Book Review: The Lonely Land by Sigurd Olson

Despite enjoying all the books I have read so far, I was looking for one that was less based around disaster and survival, but more about thriving in the wild. I certainly got this in The Lonely Land. It got rave reviews on Good Reads so I gave it a go. It did not disappoint.

The Lonely Land follows Sigurd Olson, a renowned woodsman of his time (book was written in 1961) and 5 of his friends (who all have equally impressive Outdoorsy CV’s) along on their 500 mile paddle down the Churchill River in Northern Saskatchewan. They follow the waterways of Voyageurs, old Hudson Bay Traders and adventurers alike.

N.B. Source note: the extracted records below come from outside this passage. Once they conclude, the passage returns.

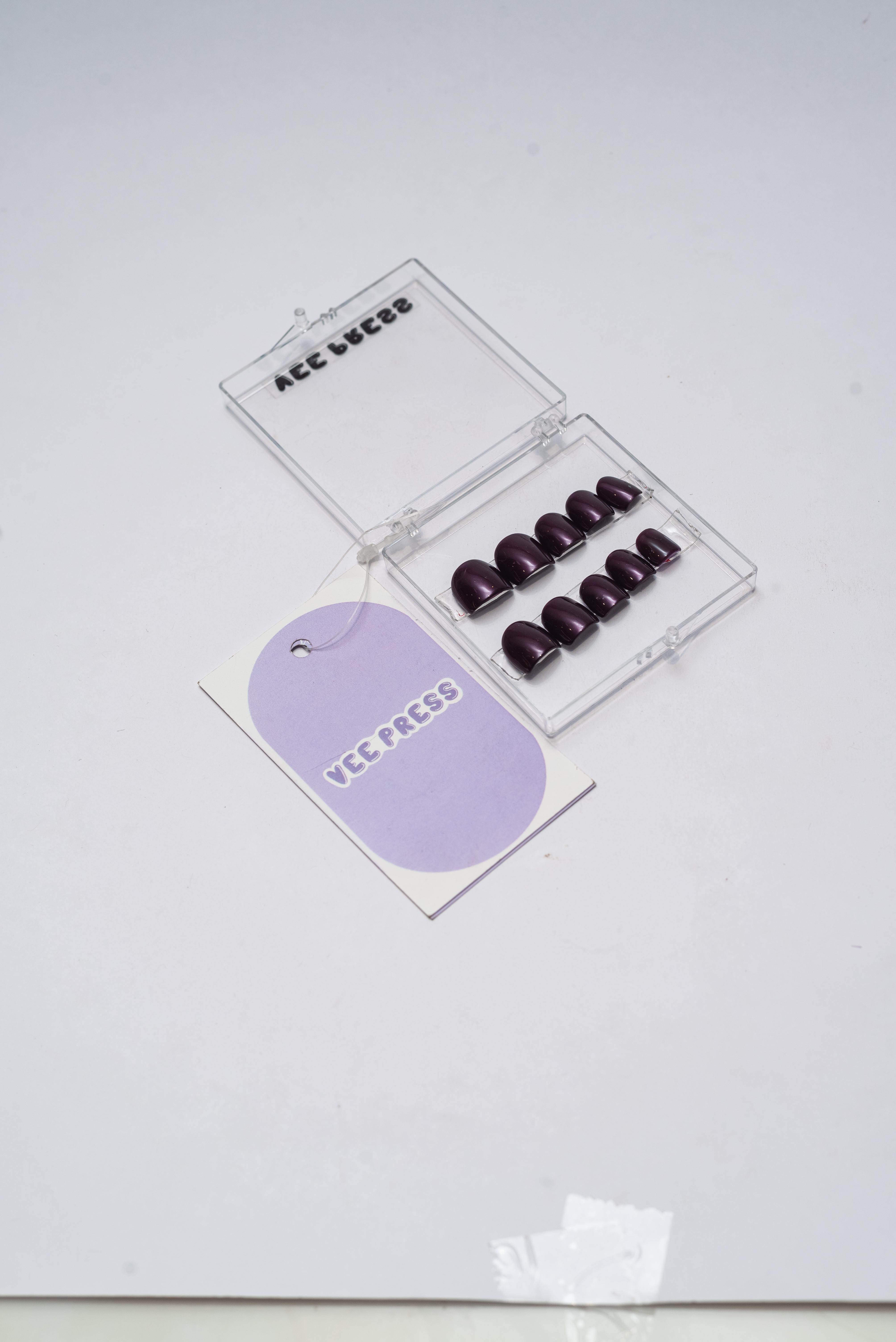 BLACKCURRANT BLISS : THESE PERFECT PRESONS ARE RICH , DEEP WITH OPAQUE COVERAGE OF PURPLE RED SHADE INSPIRED BY BLACKCURRNT FRUIT .THESE NAIL ARE PERFECT FOR WINTER AND FALL SEEKING BOLD SOPHISTICATED COLOR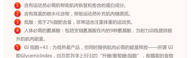 3. 該產品脂肪含量低于1%,由高價值的生理蛋白制成,含有人體必需的大量氨基酸。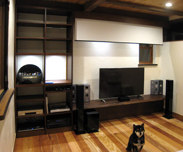 ▼スクリーンを降ろすとテレビが隠れ、リビングがシアターに早変わり!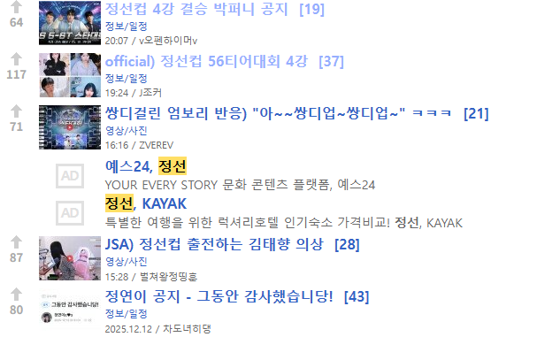 정선 검색해서 인기글 보는데 없어서 없다 하는데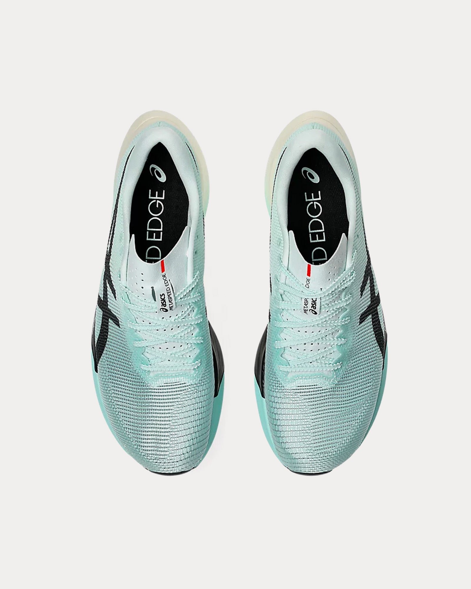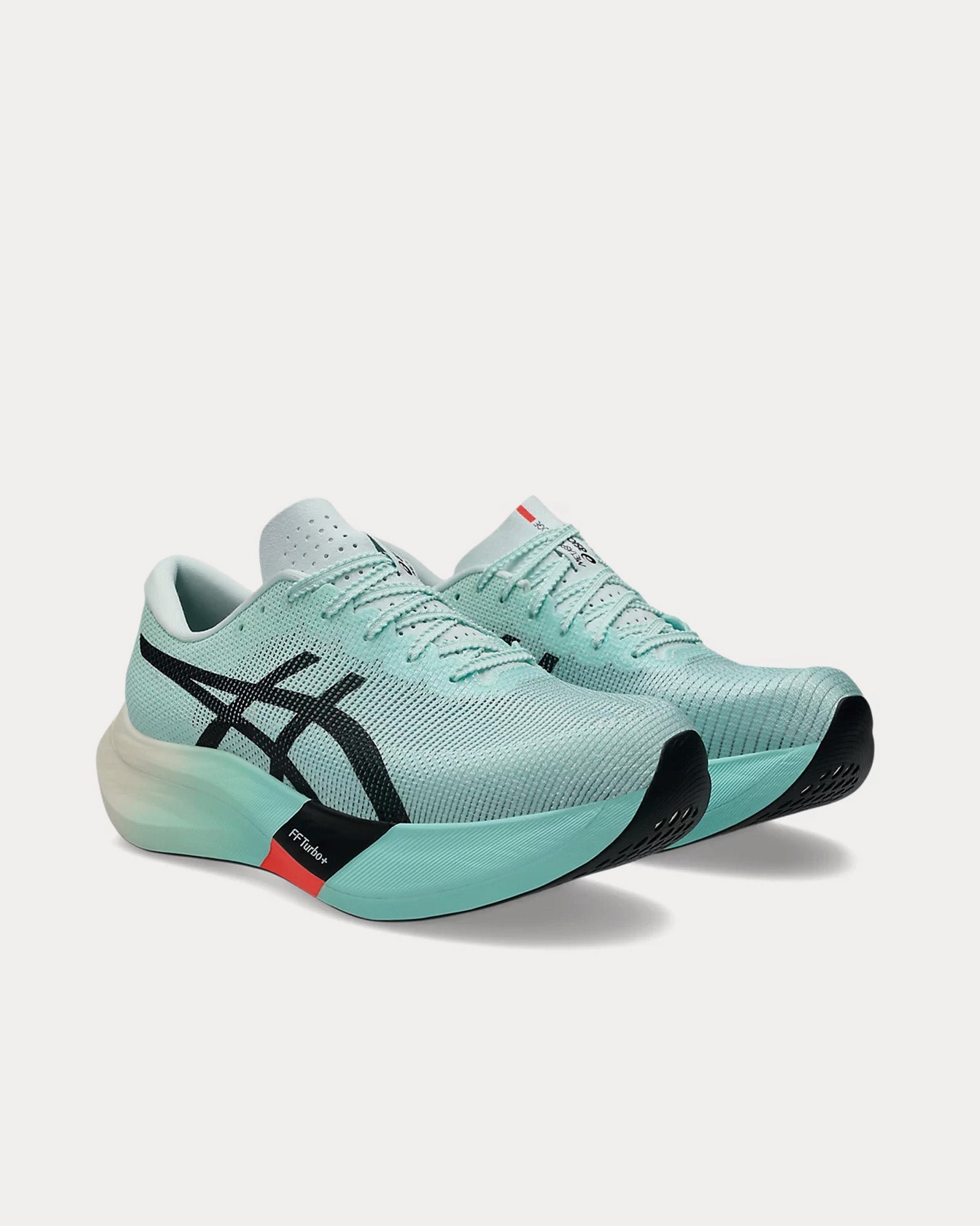 The unisex ASICS Metaspeed Edge Paris running shoes in Illuminate Mint, Black are built for cadence-style runners who increase speed by taking more steps, not necessarily longer strides. Designed to help you start fast and finish faster, this lightweight racing shoe delivers energy return and endurance to carry you through the final kilometers with power.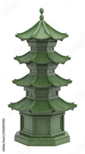 © Oksi, Fototapeta premium Green architectural pagoda model with intricate details and domed roof design. Cultural heritage and architecture concept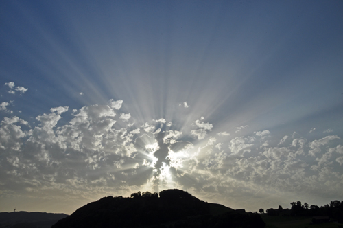 Les rayons sont des effets optiques météo. Ils sont seulement visibles lors le passage de nuages, ou dans une forêt humide.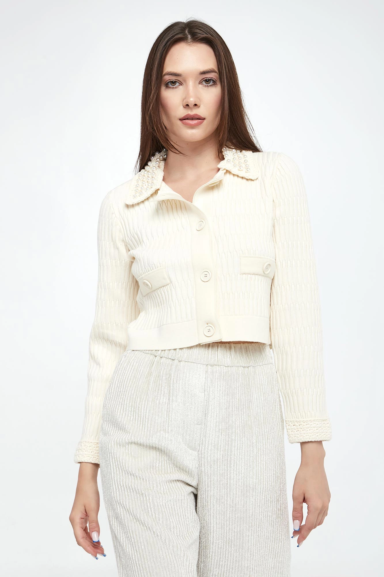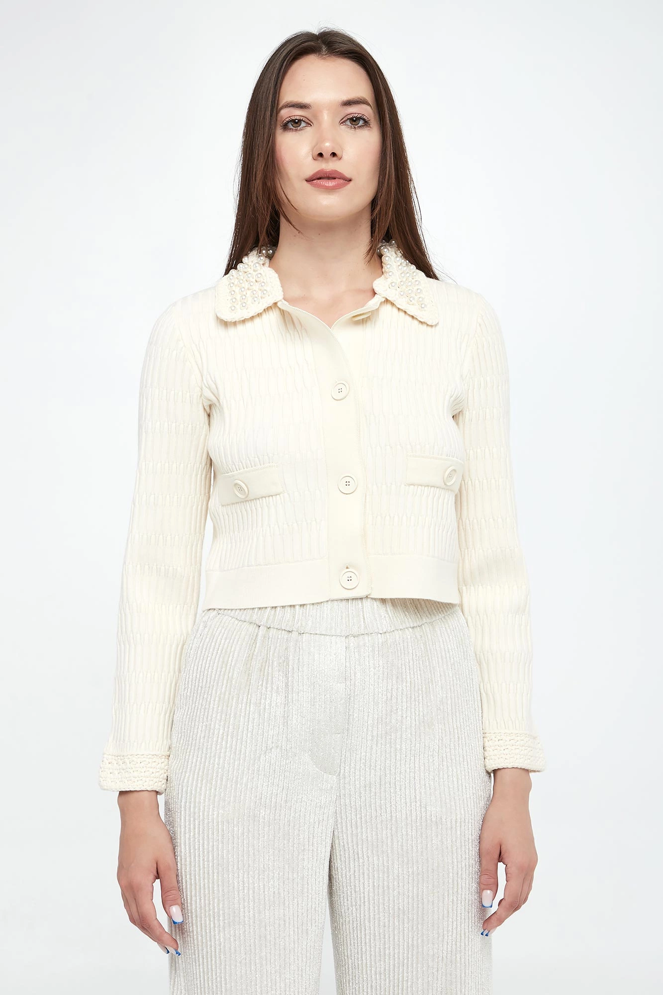 - Odpinany kołnierzyk ozdobiony koralikami.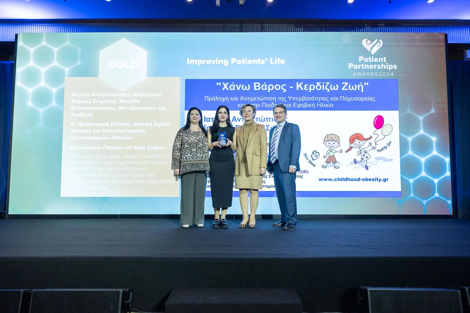 Το βραβείο GOLD στην κατηγορία Improving Patients’ Life απονεμήθηκε στο Κέντρο Πρόληψης και Αντιμετώπισης Αυξημένου Βάρους Σώματος, Μονάδα Ενδοκρινολογίας, Μεταβολισμού και Διαβήτη, Α΄ Παιδιατρική Κλινική, Ιατρική Σχολή Εθνικού και Καποδιστριακού Πανεπιστημίου Αθηνών, Νοσοκομείο Παίδων ‘Η Αγία Σοφία’ για την μελέτη “Βελτίωση της ψυχικής υγείας (καταθλιπτικής και αγχώδους συμπτωματολογίας) παιδιών και εφήβων με υπερβαρότητα και παχυσαρκία μετά από την εφαρμογή εξατομικευμένου προγράμματος παρέμβασης στον τρόπο ζωής”.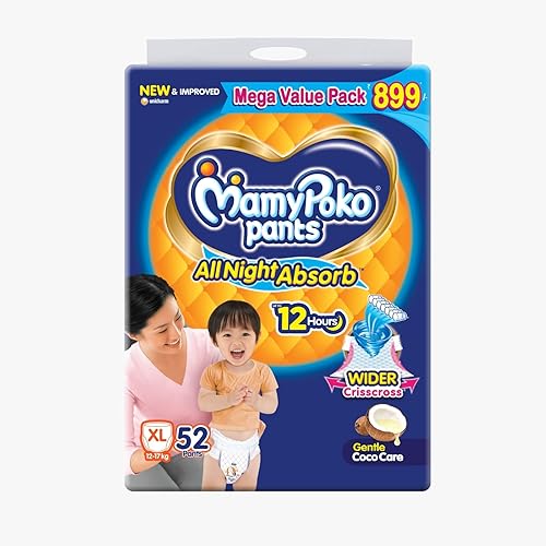 3755193 reviews for Mamypoko pants All Night Absorb| Pant Style Baby Diapers X- Large Size(XL), 52 Count, Ideal for 12-17Kgs|+50% wider and repeated absorption for all night 12hr protection from leakage, prevents heaviness.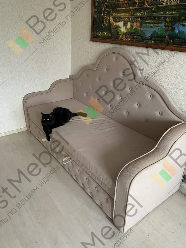 Прекрасное исполнение👍. Неожиданно, вместе с другой мебелью, заказали девочке 8ми лет, с расчетом на вырост, и остались очень довольны! Цвет ткани отдельный восторг, не красный, а красивый тёмно-розовый насышенный (велюр Италия 15). Очень рекомендую.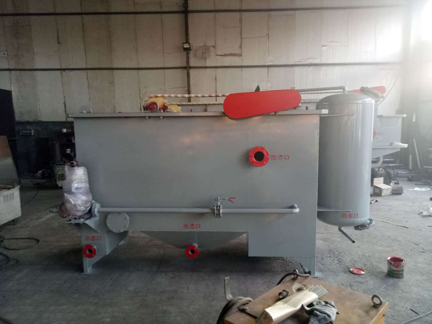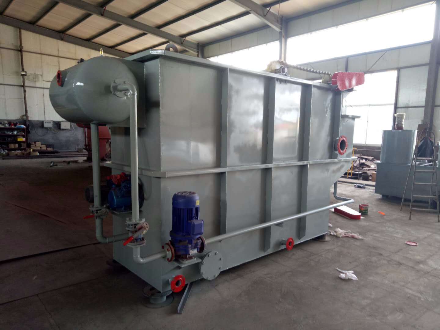 氣浮機主要起固液分離作用 去除廢水中的懸浮物 油污 色度 同時可以降低 等污染物 主要利用溶氣系統產生的溶氣水中的微氣泡 與水中的懸浮物絮體碰撞粘合在一起 形成 微小氣泡 懸浮物復合體 該 微小氣泡 懸浮物復合體 逐漸共聚 體積變大 形成比重小于 的 微小氣泡 懸浮物復合體 溶氣水在 的工作壓力的情...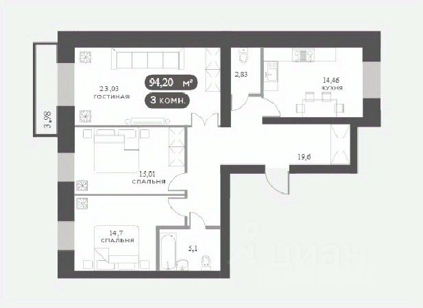 94 м² · Этаж 3 из 15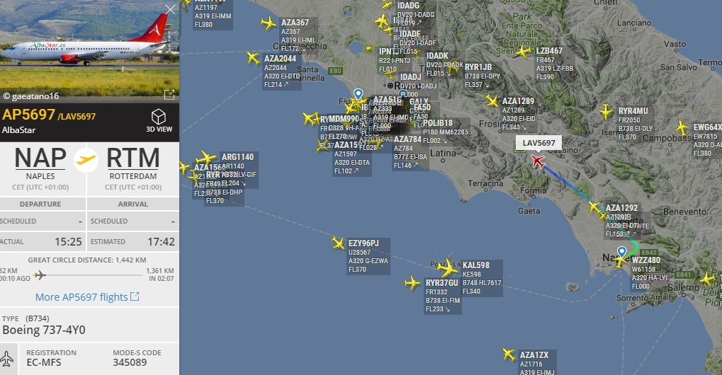 Napoli (Feyenoord) – второй раз команда пользуется услугами Albastar. Один разок летали на Merediana. Борт выгрузил команду и ушел на рейсы.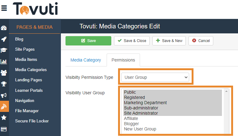 Using User Groups is the recommended approach for controlling visibility and access to content you create in your site. You can control visibility and access to the below sections: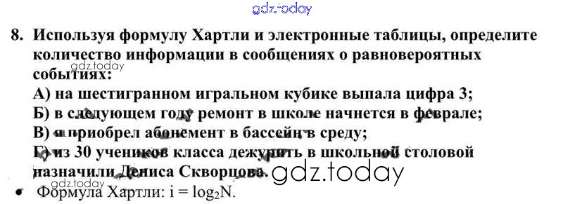 На страницах сайта gdz.today вы найдете учебный и вспомогательный материал, направленный на улучшения знаний школьной программы. ГДЗ - онлайн мир знаний Решение к §4. Измерение информации. Содержательный подход 8 Учебнику по Информатике для 10 класса Семакин, Хеннер Базовый уровень Бином 2017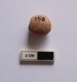 | Description / विवरण | A sling ball in a spherical shape. It is red in color |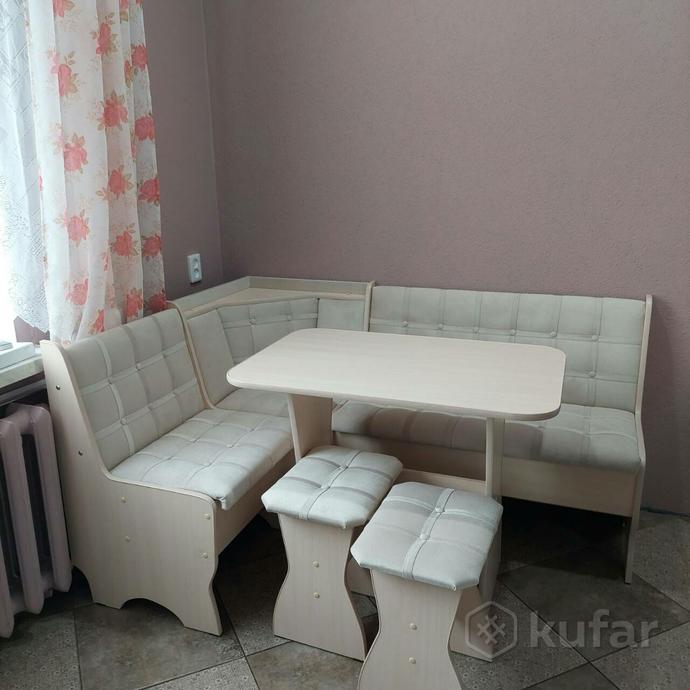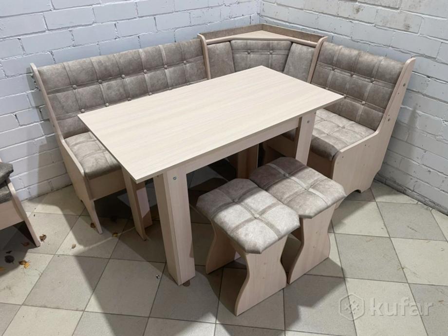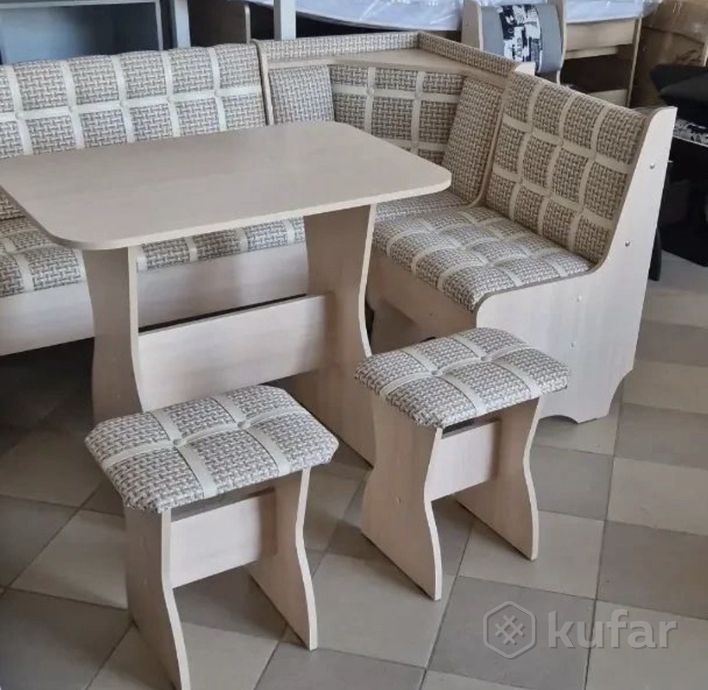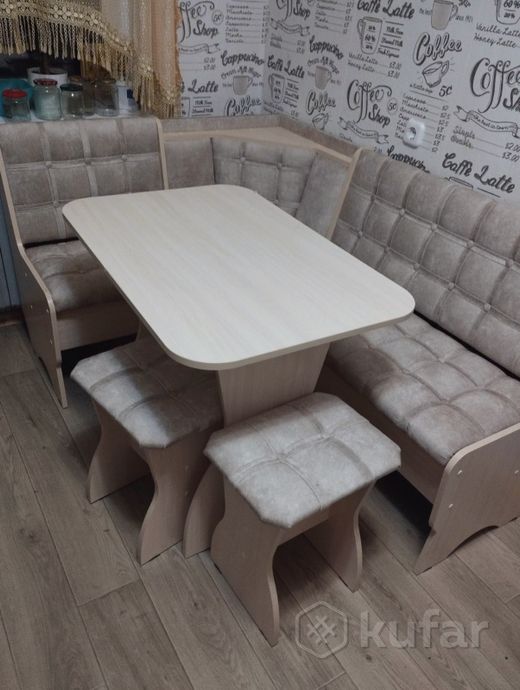 код 148447В набор входит: угловая скамья, стол, два табурета. Обивка: экокожа, ткань.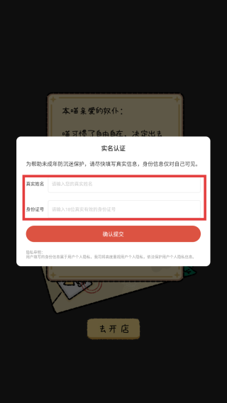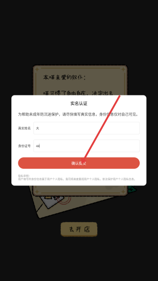1、进入游戏,点击【实名认证】。

It very much tells two stories, one of Olson and his friends and the others of those traders that paddled along the same stretch over the last 200 years. Each chapter opened up with a quote from the diary of one of these trader or adventurer, each one relating to the same part of the river which said chapter was going to cover.


For me, there was a real child like sense of adventure. It was somewhat like reading an adult version of Enid Blyton’s Famous 5 or Swallows and Amazons by Arthur Ransom. Despite torrential rain and gale force winds Olson captured the romance of long adventures with the troubles of navigating the rapids, ‘encounters’ with “Indians” and the sneaky rum tipples in camp. All of this romance shone through because although this group were very much experts, the focus of the book was purely on the excitement of adventure; going down rapids, cooking in camp and being with your friends. This stands out even more so when you the men that feature in this book are all in their 60’s! Boys will be Boys.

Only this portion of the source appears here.